**EXERCISE OBJECTIVE:**
Sort through the entries below and pull out lines containing the word "that".

**Records excerpted from a collection:**
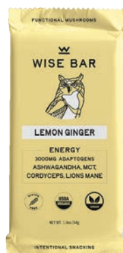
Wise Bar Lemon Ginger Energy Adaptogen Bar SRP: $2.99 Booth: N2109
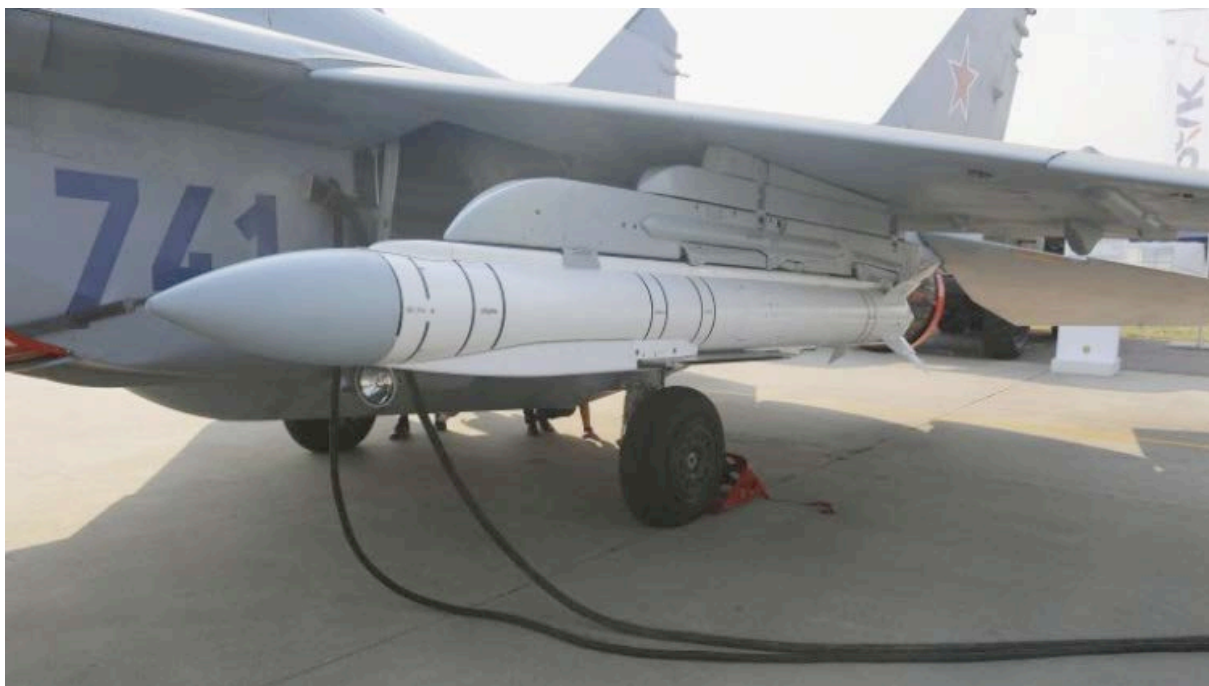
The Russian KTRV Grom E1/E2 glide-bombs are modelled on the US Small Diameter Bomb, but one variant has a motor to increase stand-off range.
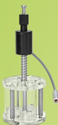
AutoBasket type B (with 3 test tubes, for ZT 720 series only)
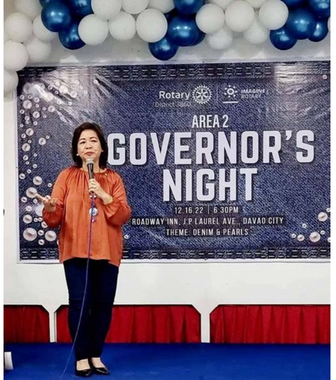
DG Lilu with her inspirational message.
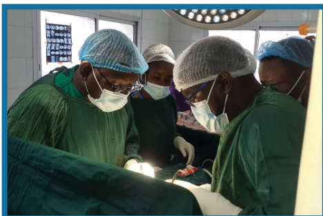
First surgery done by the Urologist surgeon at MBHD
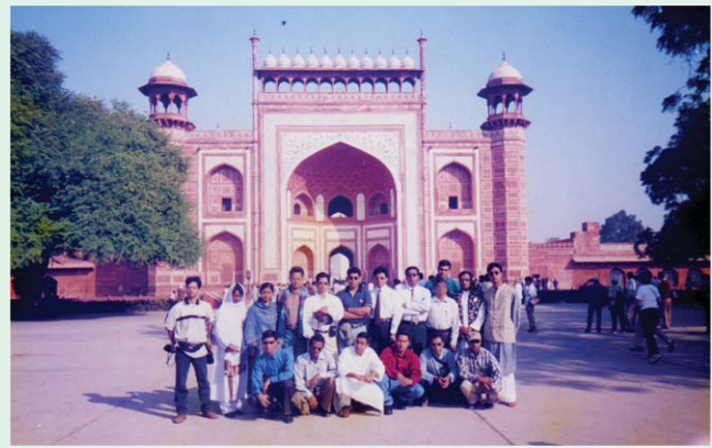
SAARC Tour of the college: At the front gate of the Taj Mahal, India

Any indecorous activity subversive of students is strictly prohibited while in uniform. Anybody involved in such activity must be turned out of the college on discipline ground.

* * *

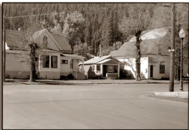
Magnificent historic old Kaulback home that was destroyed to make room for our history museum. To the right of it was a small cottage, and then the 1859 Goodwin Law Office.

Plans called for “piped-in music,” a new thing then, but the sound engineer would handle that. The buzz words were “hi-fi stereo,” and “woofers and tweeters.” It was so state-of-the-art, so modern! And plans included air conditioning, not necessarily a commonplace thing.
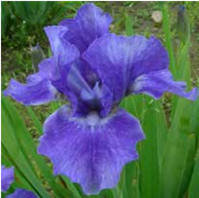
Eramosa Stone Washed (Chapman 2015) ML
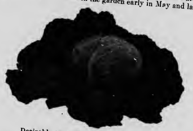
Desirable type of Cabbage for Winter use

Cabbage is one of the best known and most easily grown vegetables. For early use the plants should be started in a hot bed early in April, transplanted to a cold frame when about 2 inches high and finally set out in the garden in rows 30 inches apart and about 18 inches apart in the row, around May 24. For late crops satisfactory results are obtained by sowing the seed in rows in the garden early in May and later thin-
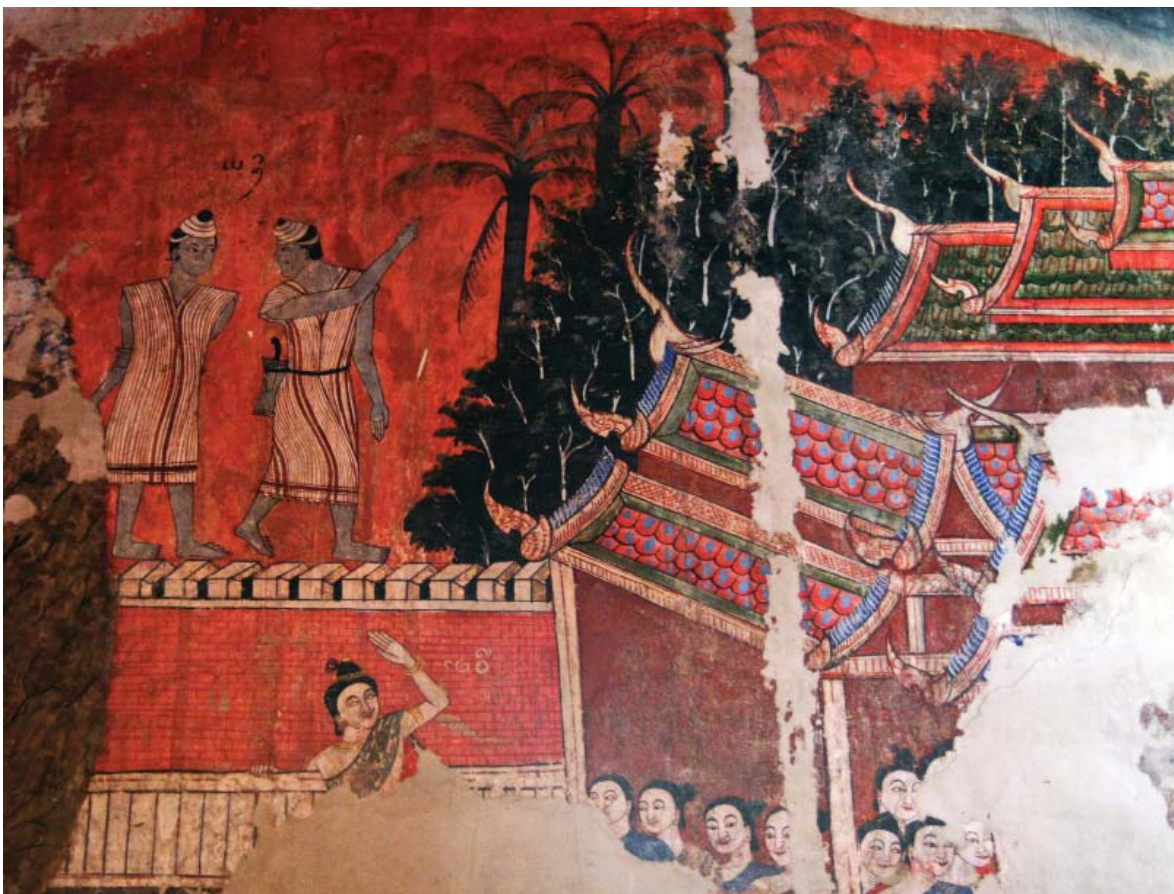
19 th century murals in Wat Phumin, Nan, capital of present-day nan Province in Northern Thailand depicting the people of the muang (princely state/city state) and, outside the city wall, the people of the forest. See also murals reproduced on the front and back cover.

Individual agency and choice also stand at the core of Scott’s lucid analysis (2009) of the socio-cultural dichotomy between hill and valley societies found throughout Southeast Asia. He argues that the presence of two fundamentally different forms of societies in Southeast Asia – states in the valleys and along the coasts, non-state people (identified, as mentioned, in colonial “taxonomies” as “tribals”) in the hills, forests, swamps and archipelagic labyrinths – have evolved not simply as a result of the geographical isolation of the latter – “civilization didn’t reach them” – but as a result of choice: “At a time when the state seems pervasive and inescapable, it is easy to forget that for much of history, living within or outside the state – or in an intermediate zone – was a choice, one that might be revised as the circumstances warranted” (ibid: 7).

**OUTPUT OF THE TASK:**
Magnificent historic old Kaulback home that was destroyed to make room for our history museum. To the right of it was a small cottage, and then the 1859 Goodwin Law Office.
Plans called for “piped-in music,” a new thing then, but the sound engineer would handle that. The buzz words were “hi-fi stereo,” and “woofers and tweeters.” It was so state-of-the-art, so modern! And plans included air conditioning, not necessarily a commonplace thing.
Individual agency and choice also stand at the core of Scott’s lucid analysis (2009) of the socio-cultural dichotomy between hill and valley societies found throughout Southeast Asia. He argues that the presence of two fundamentally different forms of societies in Southeast Asia – states in the valleys and along the coasts, non-state people (identified, as mentioned, in colonial “taxonomies” as “tribals”) in the hills, forests, swamps and archipelagic labyrinths – have evolved not simply as a result of the geographical isolation of the latter – “civilization didn’t reach them” – but as a result of choice: “At a time when the state seems pervasive and inescapable, it is easy to forget that for much of history, living within or outside the state – or in an intermediate zone – was a choice, one that might be revised as the circumstances warranted” (ibid: 7).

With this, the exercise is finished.